Formado em jornalismo pela USP e pós-graduado em roteiro pela FAAP, Ricky Hiraoka foi colunista social na revista VEJA SÃO PAULO e na L'Officiel, colaborador de títulos como Glamour, Estilo e Boa Forma e apresentador da TV Marie Claire. Como roteirista, escreveu as séries Z4 (SBT/Disney), Eu, Ela e Um Milhão de Seguidores (Multishow), alem do reality show Fábrica de Casamentos (SBT/Discovery) e o humorístico Ceará Fora da Casinha (Multishow).

07/01/2019 14h58

Julianne Trevisol é uma exceção entre as musas do Carnaval. Magrinha, o biótipo da atriz em nada lembra o físico avantajado das mulheres que também detêm esse título. "Quando a Grande Rio me convidou para ser musa me senti perdida e me questionei se teria que ficar toda malhada e gostosona", lembra. "Depois, relaxei e percebi que, para encarar a Sapucaí, precisava apenas me sentir radiante e ter resistência física." Além de ser apaixonada por dança, Julianne aceitou o convite de ser musa de uma escola de samba pela oportunidade de representar o feminino e mostrar que a mulher tem o poder de desfilar da maneira como ela se sentir bem, sem seguir regras estéticas pré-estabelecidas. "Não estou na avenida para ser referência de beleza. O que me interessa é trocar energia com o público", afirma.

Neste ano, a Grande Rio aborda em seu enredo os maus hábitos e os erros dos brasileiros. "Meu maior deslize é multa de trânsito. Não percebo os radares e acabo dirigindo acima da velocidade permitida", revela. "De resto, sou super consciente. Até cato lixo alheio do chão, porque não suporto sujeira." Julianne garante que perdoa fácil as mancadas que cometem com ela e que não guarda mágoa de ninguém. "O meio artístico é ingrato e aprontam muito com você, mas aprendi que perdoar é um grande exercício de bem estar", afirma. "Tenho uma boa relação até com quem me prejudicou. Desejo o bem do outro, porque o bem volta pra gente."
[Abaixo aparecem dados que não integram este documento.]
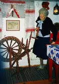 Ateljéporträtt - Lotten Lindgren klädd i folkdräkt spinner, Dalarna 1893

Cotada para o elenco de Jezabel, nova novela bíblica de Record, Julianne não vê contradição entre atuar numa história religiosa e ser destaque numa festa pagã. "Carnaval não está ligado necessariamente à promiscuidade. Minha família é extremamente religiosa, de muita fé e nunca foi contra o Carnaval", acredita. "Eu acho até bom para uma novela que uma atriz do elenco desfile. Isso ajuda na divulgação da trama."